BEGIN

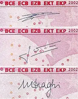 Although Axel Weber was tipped as one of the possible successors,[9] he resigned from the ECB in protest at the bail out policies. Mario Draghi was chosen to become the next President of the ECB on 24 June 2011.[10] Draghi was president from 1 November 2011 until 31 October 2019 (succeeded by Christine Lagarde).
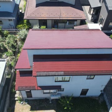 山形市の一般住宅の屋根、木部塗装工事です。屋根用のリアルハイブリッドシリコン樹脂塗料は顔料及びラジカル吸着安定剤(HALS)
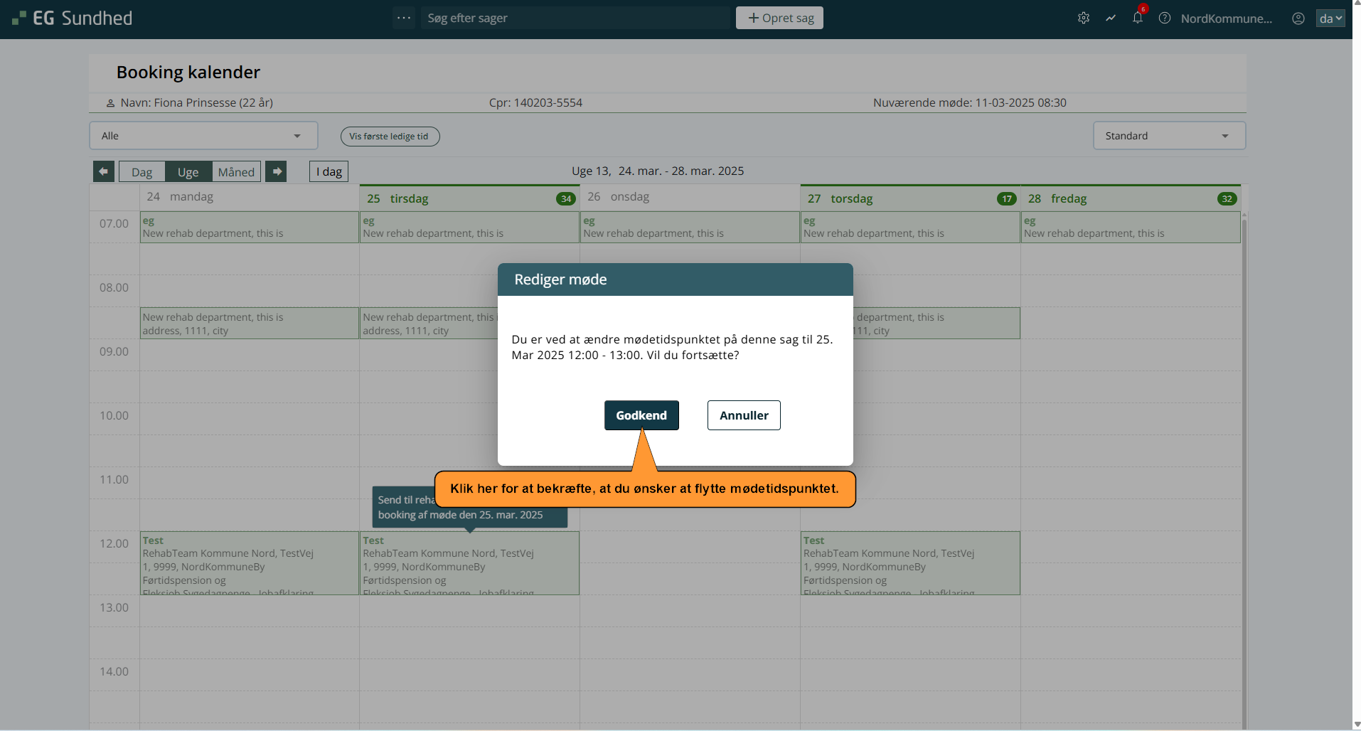 - Klik på Godkend for at bekræfte, at du ønsker at flytte mødet til den valgte dato.
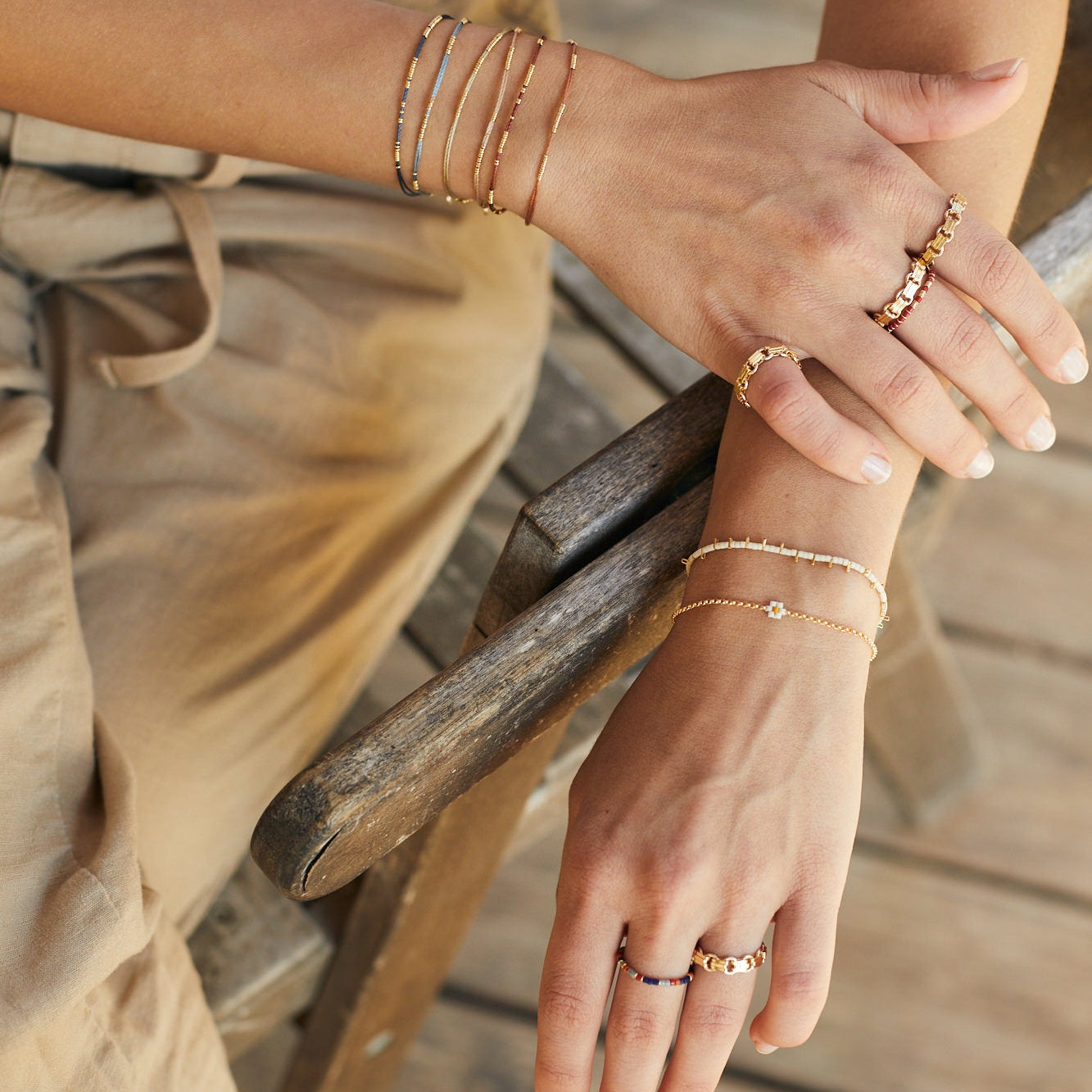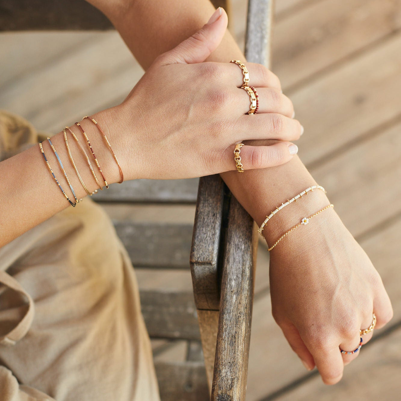 הפריטים שלנו עשויים מחומרים איכותיים שנבחרים בקפידה וממשיכים להשתפר לאורך השנים. חרוזי מיוקי מיפן - חרוזי זכוכית מובחרים, גולדפילד - שכבה של זהב שמולחמת בחום ולחץ למתכת, כסף 925 ובקרוב מאוד גם זהב 14k.

END

Work to be completed – When you retype the data above, match every line exactly and leave the pictures behind.

Exercise result –
 Although Axel Weber was tipped as one of the possible successors,[9] he resigned from the ECB in protest at the bail out policies. Mario Draghi was chosen to become the next President of the ECB on 24 June 2011.[10] Draghi was president from 1 November 2011 until 31 October 2019 (succeeded by Christine Lagarde).
 山形市の一般住宅の屋根、木部塗装工事です。屋根用のリアルハイブリッドシリコン樹脂塗料は顔料及びラジカル吸着安定剤(HALS)
 - Klik på Godkend for at bekræfte, at du ønsker at flytte mødet til den valgte dato.
 הפריטים שלנו עשויים מחומרים איכותיים שנבחרים בקפידה וממשיכים להשתפר לאורך השנים. חרוזי מיוקי מיפן - חרוזי זכוכית מובחרים, גולדפילד - שכבה של זהב שמולחמת בחום ולחץ למתכת, כסף 925 ובקרוב מאוד גם זהב 14k.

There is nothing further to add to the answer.